By which I mean - shortly after my last posting - I totally changed directions and decided to sell my home.
17 years/2 kids/dog/wife/garage/ full monty.
Took 5 months of all out effort to put it in the shape I wanted for sale.
Milling machine, with its home made feeding system documented in these pages - earned its keep - and then some.

At the center of the projects I tackled, rather than contracted, was a set of gates.
Two double swing driveway, and a pedestrian.
Fully automated, buried loops to avoid crushing of vehicles, etc.
Was quoted $70K (not a typo) in the free for all that was the Los Angeles market.
Decided to tackle myself instead; 1/2 out of spite.
Turns out those guys earn their money...
Who knew?

Tig welded steel frame cores, clad with wood, swung on custom hinges - courtesy of the 5BVK...
Came together just like my drawings - only a bit heavier in person...

Which brings me to this moment.
4 days before closing.
Life in boxes.
Trailer rented for yet another machinery load & haul.
Small house near the ocean rented.
Only...
No machines allowed in its garage!

So I gave up and put all my tools in storage.

Kidding!
Have been hunting a long held dream - a small industrial space.
Last week, found a gem near my new home - with space for both storage and workshop.
Family owned facility.
Others doing similar stuff.
Seems like a good fit.

Which brings this long winded post to the question at hand.
*New space has "208 three phase".*
I am currently running my mill on a VFD off 220 single phase.
Naive about how to best approach (suspect I am going to need a new VFD).
Reaching out to the crowd for some advice on how I might approach most efficiently.

Exhausted.
Excited.

Thanks in advance for any that weigh in.
CM


Trial by fire learning to operate the machine.  

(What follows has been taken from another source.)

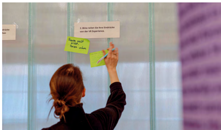
Abb. 1: Workshopssituation mit erwachsenen Teilnehmenden, Potsdam, 2024

Das erprobte Workshopformat hatte auch seine Grenzen, insbesondere durch die zeitliche Begrenzung und die fehlende Möglichkeit einer langfristigen pädagogischen Begleitung. Nichtsdestotrotz lieferten die Erwachsenen-Workshops wertvolle Impulse für die Weiterentwicklung digitaler Geschichtsvermittlung und demonstrierten eindrucksvoll, wie verschiedene Generationen gemeinsam an der Zukunft von Erinnerungsarbeit mitwirken können.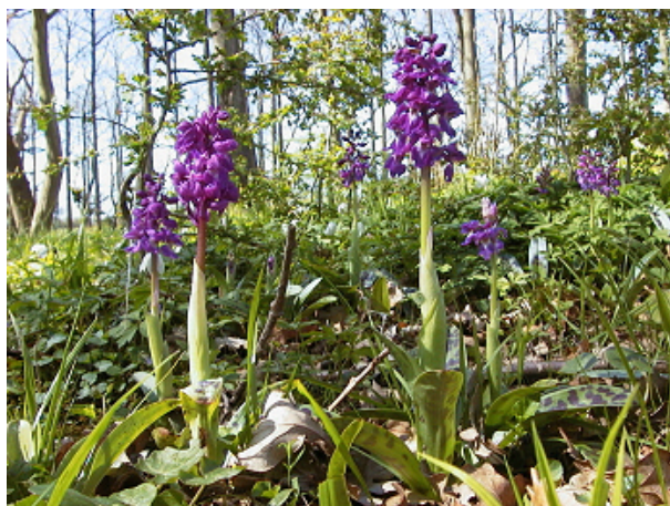
Tyndakset gøgeurt i fuld flor

I området omkring Vestersøen kan man finde orkideen Tyndakset Gøgeurt. Den er sjælden i Nord- og Vestjylland og findes kun hist og her i resten af landet. Det er en meget smuk orkidé, med purpurrøde blomster på et langt slankt blomsteraks. Bladene er mørkegrønne på oversiden, ofte med mørke pletter og minder en del om de blade vores stueorkideer har. Den bliver mellem 15-40 cm høj og blomstrer lige nu og frem til juni. Orkideerne stiller ofte store krav til deres miljø, hvorfor forandringer i miljøet kan få dem til at forsvinde. De har et livsnødvendigt samliv og afhængighedsforhold til en speciel svamp, der forsyner orkideens frø med næring, som kan få frøet til at spire og vokse. Denne proces er yderst langsommelig fordi det kan tage flere år før frøet har samlet næring nok til at danne rødder og sætte blomsterbærende skud over jorden. Tyndakset gøgeurt er fredet, hvilket betyder at man ikke må plukke den, grave den op eller beskadige den.

Not so bad fit up of the electronic strike for pedestrian gate - imperfections evident...




Bit of fancy welding for some "hidden" hydraulic hinges that gave everything a super high end feel



Internal frames before I clad with wood.  Driveway versions got so heavy - took all I had to maneuver & mount




Finished product came out nicely.  Not everyone in my neighborhood has a mill... actually, no one in my neighborhood even owns a lawn mower...  Am sure they thought I had lost my mind - which was ok with me - as I fit and re-fit the frames until they were just as I wanted.  Will drag this mill with me to my grave.  Amazing tool.

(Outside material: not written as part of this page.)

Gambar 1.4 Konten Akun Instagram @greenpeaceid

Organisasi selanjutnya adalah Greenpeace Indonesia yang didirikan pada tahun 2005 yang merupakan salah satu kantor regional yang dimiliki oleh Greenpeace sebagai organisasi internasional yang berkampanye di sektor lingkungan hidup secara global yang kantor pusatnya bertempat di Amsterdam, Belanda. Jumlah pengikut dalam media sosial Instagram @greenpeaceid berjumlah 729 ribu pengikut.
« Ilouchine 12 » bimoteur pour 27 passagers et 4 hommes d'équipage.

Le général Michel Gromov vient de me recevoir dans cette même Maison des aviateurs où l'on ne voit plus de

The dream.  1300+ sq. feet of space to set up shop.  20 min from my new digs.  Will need a clean up and some better lighting - but this is an absolute luxury compared to the garage I was shoe horned in previously.  Need to think about layout, air, and power.





Electrical boxes


----------



## JimDawson

Well that's a bit of a change.    

Very  nice work on the gates.

As far as the 208 3 ph, hook it up and go.  It will work fine.


----------



## Charlieman22

Chuckle.  Yeah - there I was - sizing up a machine restore and CNC conversion - and the next thing I knew - I was fabricating gates.
Thanks for the good words.

Far better a response on power than I was bracing for.
The space is just so good - figured this would be the  - "oh - you need 220" moment.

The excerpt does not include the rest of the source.